= Buckingham Palace swimming pool =

Private swimming pool in London, England

The swimming pool at Buckingham Palace was built in 1938. It was converted from the northwest pavilion, designed by John Nash as a conservatory.

The pool was built in 1938, commissioned by George VI. The young Princesses Elizabeth (later Elizabeth II) and Margaret were enthusiastic swimmers. The pool was rebuilt after suffering bombing damage during the London Blitz in September 1940. Prince Philip, Duke of Edinburgh and Michael Parker were once locked in the pool having gone for a swim after a late dinner. The three-year-old Prince Charles (later Charles III) would be thrown into the pool by his father, Prince Philip, against the protestations of his nurse, Helen Lightbody.

Charles and his siblings, Princess Anne, Prince Andrew and Prince Edward all learnt to swim in the pool as children.
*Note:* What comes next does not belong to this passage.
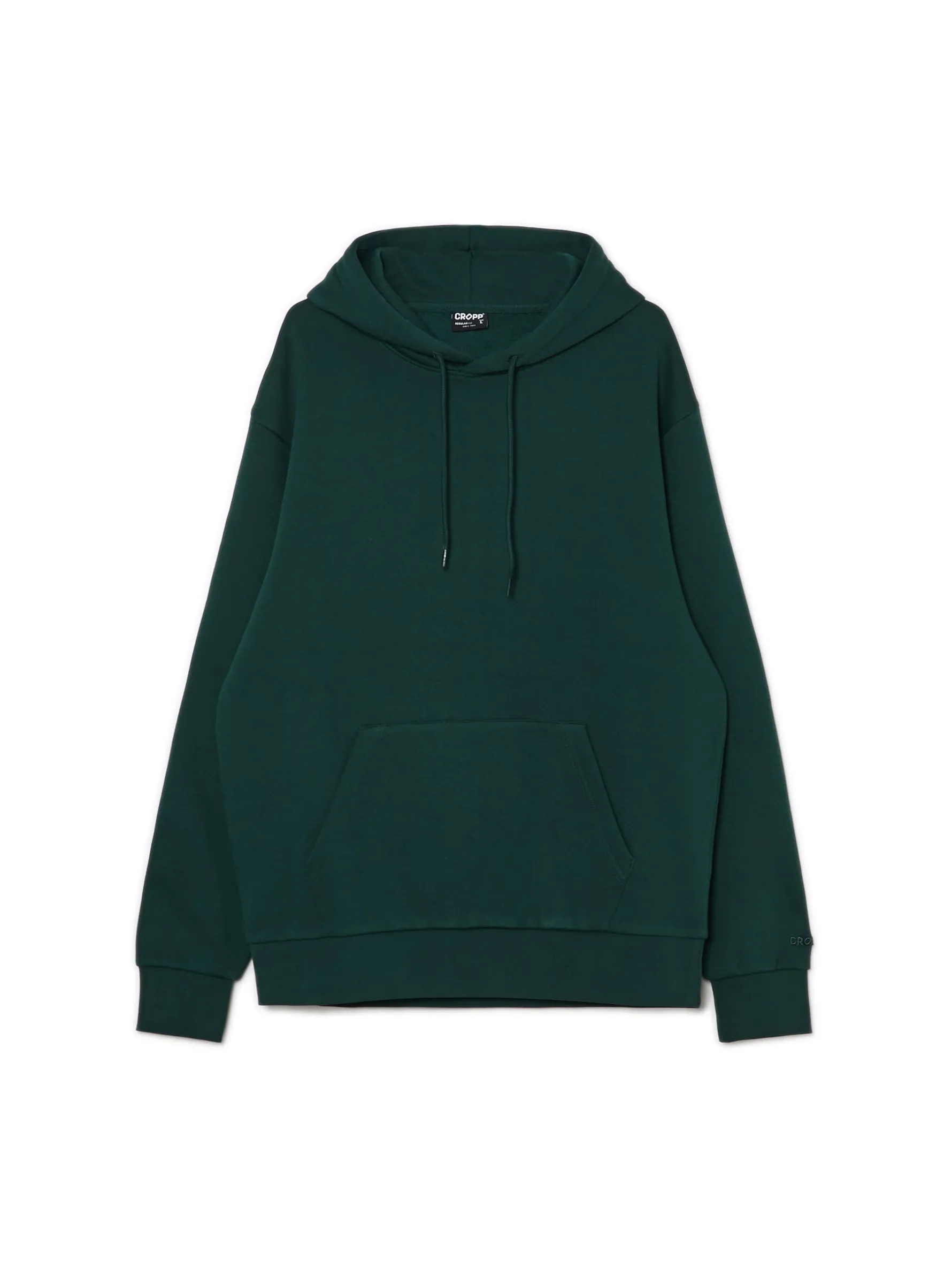 Zielona bluza z kapturem w stylu basic, uszyta z dzianiny o wysokiej zawartości bawełny. regularny krój kaptur regulowany sznurkiem rękawy i dół zakończoe ściągaczem kieszeń kangurka

Prince George, Princess Charlotte and Prince Louis, the children of the Prince and Princess of Wales, William and Catherine, also learnt to swim in the pool before their move to Windsor.

The temperature of the pool was reduced in 2023 by order of Charles. Charles aims to achieve net-zero emissions from the buildings of the Royal household before the British government's target date of 2050. Charles reportedly prefers swimming in the sea.

The pool is permitted to be used by senior members of the royal household who must check in advance if royal family members are planning to swim. If staff members are swimming and a member of the royal family appears, they must get out of the pool, although they are very often invited to remain swimming. Staff members will not attempt to join royals if they are already swimming, however.

The exterior of the pool is covered with darkened glass to ensure privacy. No publicly available photographs exist of the interior of the swimming pool. It has been described as "basic" by a former royal aide. It is rectangular and has no loungers.